My life has changed a lot, mostly for the better, since I started this blog. One of the big changes is that I don't feel like I need a woman or women in my life to validate it. For a long time, I really felt like not having a girlfriend was either evidence of or in and of itself, a large social stigma. It's not that I still think that anymore. I think there very well might be a social stigma around single men, but the fact is I don't care. If people think less of me because I'm single, then they clearly have dumb values.
As for me being undatable because of some deep seated social stigma that painted me a creepy weirdo guy...
Recently at a meeting we used as an icebreaker 'What is your biggest regret in life?' First of all, let me say that when I was 24 I thought my biggest regret in life was going to be something related to not overcoming shyness and talking to someone I had feelings for, or something like that. I honestly don't recall what answer I gave at the meeting. However, the question weighed on my mind far into the night. After I got home, I realized that my biggest regret has been almost everything I've said to, or about women up until I was about 27. That's about the time I began to realize that just because a woman isn't interested in you in that way, really doesn't have much reflection on how she values you as a person. It took me 27 fucking years to realize that.
I think when I started this blog, I was hoping that publicly displaying how I reflected on the women in my life and in the media would show how I have totally normal, healthy attraction toward women.

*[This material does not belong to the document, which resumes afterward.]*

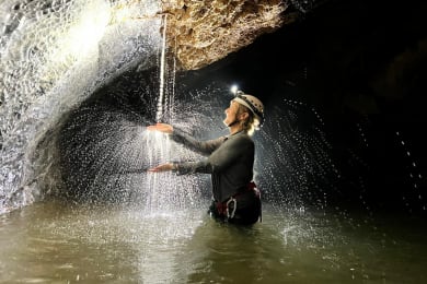 Get up early and have breakfast at the hotel. You will be picked up around 7:30-8:00 am and transferred to the meeting point. Here you will have a tour safety briefing, sign the release form, and receive the required equipment for the tour. And you are ready for your next adventure! The trek starts with a flat path past peanut fields and grazing buffalo and cows. The adventure accelerates with a 30 m climb up a rocky hill to a small jungle opening where you can catch your breath before a 100 m descent down to Hung Ton Valley. Cross the valley on a flat path to enjoying a picnic lunch at the entrance of Hung Ton Cave. Challenge yourself with more hills and jungle trekking before we walk down to Tu Lan Valley and your camp for the night. Finish off the day with a swim into Ken Cave. A delicious BBQ dinner will be prepared and served by the porter team. After dinner, you can enjoy the evening games before sleeping in your comfortable tent. Composting toilets are provided at camp. Overnight in Tu Lan. Please note: Due to the weather conditions the itinerary may need to be changed at short notice. The paths can be muddy and slippery after rain. Lifejackets must be worn when swimming in the caves.

Some people liked it. Some people didn't. However, I think it did, in some ways, the polar opposite of displaying normal, healthy attraction toward women. This blog served as a record for a really unhealthy obsession with women in several spots. These were thoughts I wish I hadn't had. These were also thoughts, for the sake of myself and the women, I shouldn't have put on the Internet. All those sort of posts have been removed.
The rest, well, I want to leave them up as a sort of testament that feminism can save men from feeling entitled and shitty. It's not easy. I was barraged from a very young age to be entitled and shitty, and I'm sure I still have residue of entitled shittiness about me, but instead of taking my entitled shittiness out on the world around me like Elliot Rodger did, I generally focused it inward, and felt like there was something wrong with me. Like I wasn't good enough to have a woman in my life. I don't want to sound like I was on the verge of a homicidal or suicidal (or both) rampage but bell hooks saved me. I do want to say I have done a lot that I'm not proud of, and if it wasn't for the influence that feminism has had on my life ever since I started listening to Bratmobile in high school, I probably would have never questioned myself or my motives.
I'm not articulating myself very well. That's actually okay, because I found a really great article that says something tantamount to what I wanted to say, even though I don't think I'm especially nerdy and the article is geared toward nerds. That article is here.
Perhaps if I feel like there's more I could say about how I'm thankful my attitude toward women, and toward relating to them, then I will post it here again. I've said this already, but I don't feel like I'm explaining this change in a way that's clear. However, if that doesn't happen, then this will be the last post in this blog. Good riddance, Women Who Chuck Likes. It's been a strange ride and I'm happy to have moved on. Thanks for reading.